Lena's background is intriguing right from the start. Her memories obsessively focus on how she survived a plane crash and was raised in a tropical rain forest by a mothering ape. When she was returned to "civilization," she was fostered by a couple in Syracuse. Her foster mother is prickly and fragile. Lena has gotten to the point in her life when she needs -- like food and water -- to know about her origin. It seems that the way to her own personal answers is to step out of her work cocoon into the real world.
Lena must venture into a real crime scene. She must battle a nosy, persistent reporter. She feels strangely aligned with a schizophrenic who lives in her building. Her knuckleheaded estranged husband, who left her for another woman -- actually, several other women -- wants to come back into her life. A detective is showing romantic interest in her. A co-worker is behaving suspiciously. Lena must overcome this stressful jumble to make herself whole.
Abu-Jaber, with her striking and poetic prose, uses the wintery motif well. As Lena proceeds with the case and an understanding of herself, the world around her begins to thaw and her ability to speak her thoughts improves. Lena goes from trying to be what everyone else wants her to be -- and not succeeding very well -- to allowing her real self to emerge.

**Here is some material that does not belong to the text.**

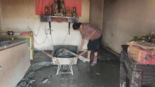 年近七十岁的杨姓老人,大水来的时候幸运逃过一劫,但事后清淤泥,全靠她自己一个人拿着铲子慢慢挖,挖了两天都不见成效,她的脚因为长期泡在泥水里,早已红肿,一只脚发炎疼痛,只好一只脚穿布鞋,另一只脚穿雨鞋。

It takes her most of the book to finally say, "It's about me."
Here's a taste:
That evening after work, the moonlight is flat and silvery as fish bones; it floats in the darkness, a cage of ribs. There's something weird in the air, in that bone of a moon. The wind flashes through the fabric of my coat, freezing me. At the door to my apartment, it feels as if something is standing just on the other side of the door. I put my hand out and watch it turn the knob. There's nothing on the other side of the door, of course.You will either really like this book, as I did, or it will annoy the heck out of you; Lena's character drives this book.